# in internationale samenwerking



## cholandesa

Hi all,

Any opinions on how best to translate "in internationale samenwerking" to English in the following phrase?

_Tijdens dit ontbijt gaf Codeni een uiteenzetting en toonde een video over het onderzoek dat zij deden in internationale samenwerking, naar seksuele commerciële exploitatie van kinderen en pubers._

I made it into this:
*During this breakfast Codeni did a presentation and showed a video about the research they performed with international collaboration surrounding commercial sex-exploitation of children and adolescents. *

 
Looking forward to your suggestions,

 
Elise


----------



## HKK

Als je "international collaboration" opzoekt in Google, blijkt dat het niet veel gebruikt wordt op de manier die jij nodig hebt.
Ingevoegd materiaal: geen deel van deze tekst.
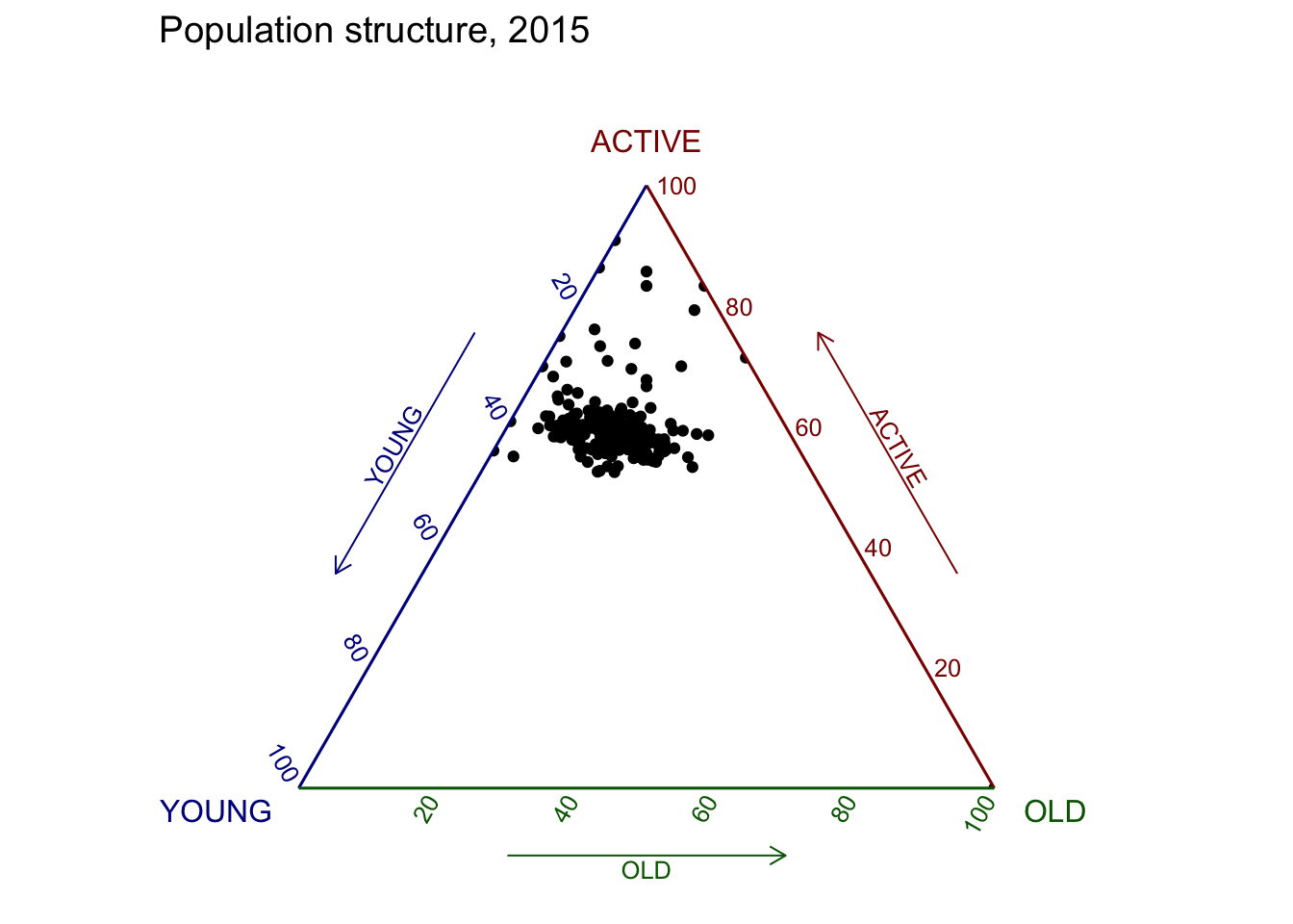ggtern(data=agpop_mutated, aes(x=YOUNG,y=ACTIVE, z=OLD)) +
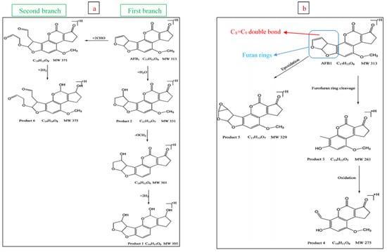 Regarding the action mechanism of these elements on aflatoxin B1, Shi and Cooper [] have suggested two pathways. These pathways and branches cause the degradation of aflatoxin B1 into six fragmented products. The first degradation pathway (Figure 3a) basically depends on the presence of H2O molecules and the neutral, the radical, and the ionized forms of H and CHO, which are produced in the NTP system. The first branch involves hydration, cleavage of methoxy group (OCH3), and hydrogenation reactions, where two main products (C17H15O7 and C16H17O6) and one intermediate compound (C16H13O6) are generated. The second branch involves the addition of aldehyde group (OCH) and H2, resulting in the generation of C19H15O8 (intermediate product) and C19H19O8 (main fragmented product).
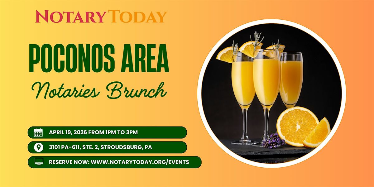 Join us for a fun and casual brunch at 3101 PA-611 ste 2! It's happening on April 19th, 2026 at 12:00 PM (Eastern Daylight Time). Come meet fellow notaries, share stories, and enjoy some great food in a relaxed setting. Don't miss out on this chance to connect and unwind with the community. See you there!

Misschien is het beter om wat vrijer te vertalen, maar ik heb niet meteen een suggestie

Ik zou wel zeggen: a video _on_ the research


----------



## Joannes

*International cooperation* lijkt betere punten te behalen op de Googletest. 



HKK said:


> Ik zou wel zeggen: a video _on_ the research


Ja? Ik niet, eerlijk gezegd. Misschien iets voor 'English Only'.


----------



## cholandesa

Hmmm,

Resultados *1* - *10* de aproximadamente *41,800* de *"in international collaboration"*

Dat vind ik op zich niet te weinig! 
Ooh, ik heb net door dat ik het automatisch naar "in" ipv "with" heb veranderd, en dat klinkt inderdaad beter. The magic of overnight proofreading!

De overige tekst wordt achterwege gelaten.